1911 Encyclopædia Britannica/Le Maçon, Robert
LE MAÇON (or Le Masson), ROBERT (c. 1365–1443), chancellor of France, was born at Château du Loir, Sarthe. He was ennobled in March 1401, and became six years later a councillor of Louis II., duke of Anjou and king of Sicily. A partisan of the house of Orleans, he was appointed chancellor to Isabella of Bavaria on the 29th of January 1414, on the 20th of July commissary of the mint, and in June 1416 chancellor to the count of Ponthieu, afterwards Charles VII. On the 16th of August he bought the barony of Trèves in Anjou, and henceforward bore the title of seigneur of Trèves. When Paris was surprised by the Burgundians on the night of the 29th of May 1418 he assisted Tanguy Duchâtel in saving the dauphin. His devotion to the cause of the latter having brought down on him the wrath of John the Fearless, duke of Burgundy, he was excluded from the political amnesty known as the peace of Saint Maur des Fossés, though he retained his seat on the king’s council.

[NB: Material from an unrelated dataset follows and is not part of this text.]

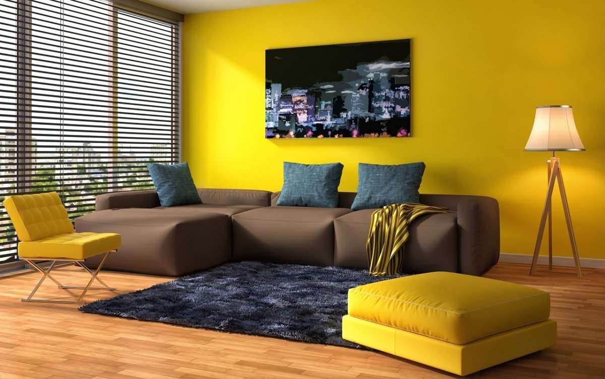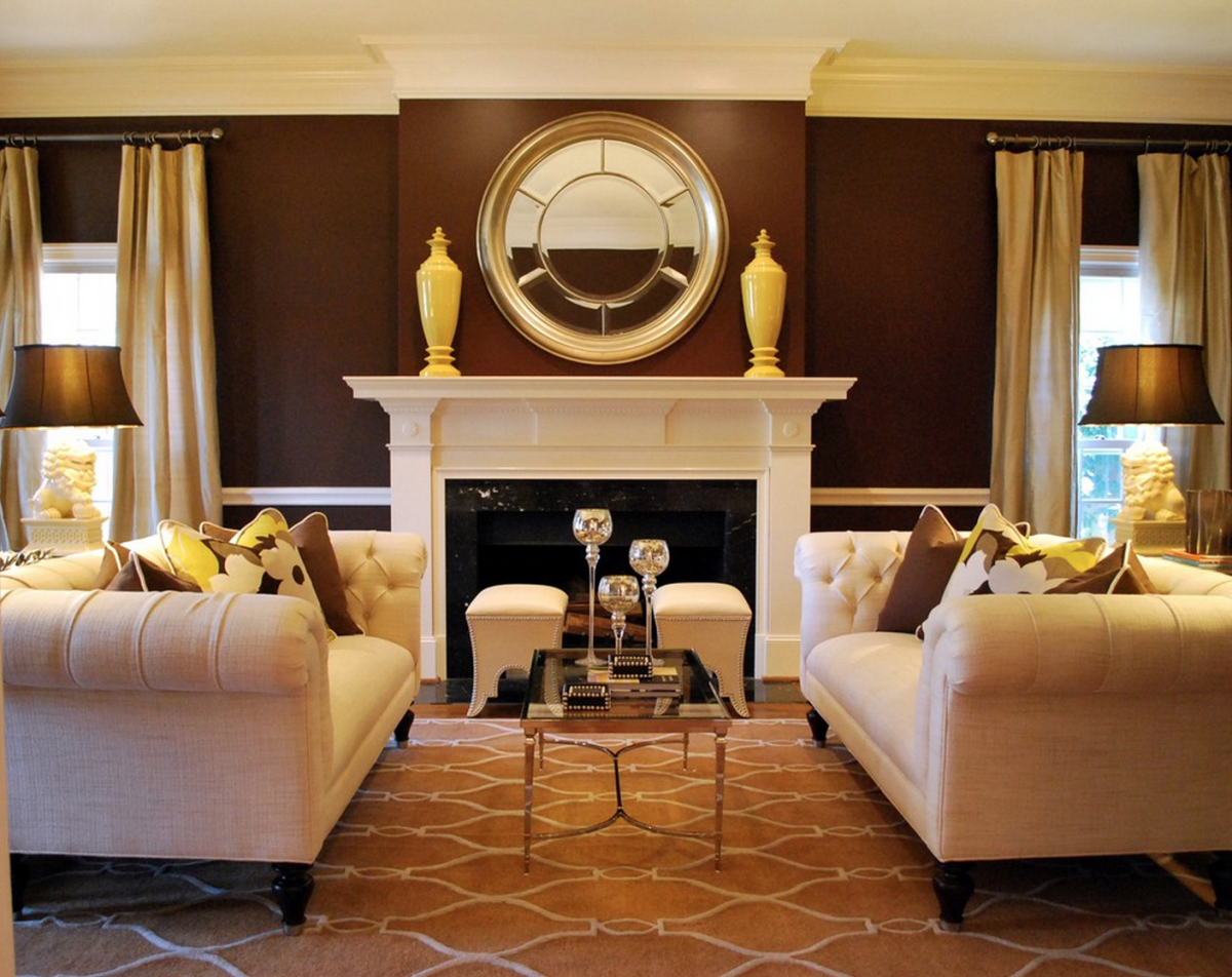 26. Современное стильное сочетание цветов в интерьере гостиной

He was by the dauphin’s side when John the Fearless was murdered at the bridge of Montereau on the 10th of September 1419. He resigned the seals at the beginning of 1422; but he continued to exercise great influence, and in 1426 he effected a reconciliation between the king and the duke of Brittany. Having been captured by Jean de Langeac, seneschal of Auvergne, in August of the same year, he was shut up for three months in the château of Usson. When set at liberty he returned to court, where he staunchly supported Joan of Arc against all the cabals that menaced her. It was he who signed the patent of nobility for the Arc family in December 1429. In 1430 he was once more entrusted with an embassy to Brittany. Having retired from political life in 1436, he died on the 28th of January 1443, and was interred at Trèves, where his epitaph may still be seen.
See C. Bourcier, “Robert le Masson,” in the Revue historique de l’Anjou (1873); and the Nouvelle biographie générale, vol. xxx. (J. V.*)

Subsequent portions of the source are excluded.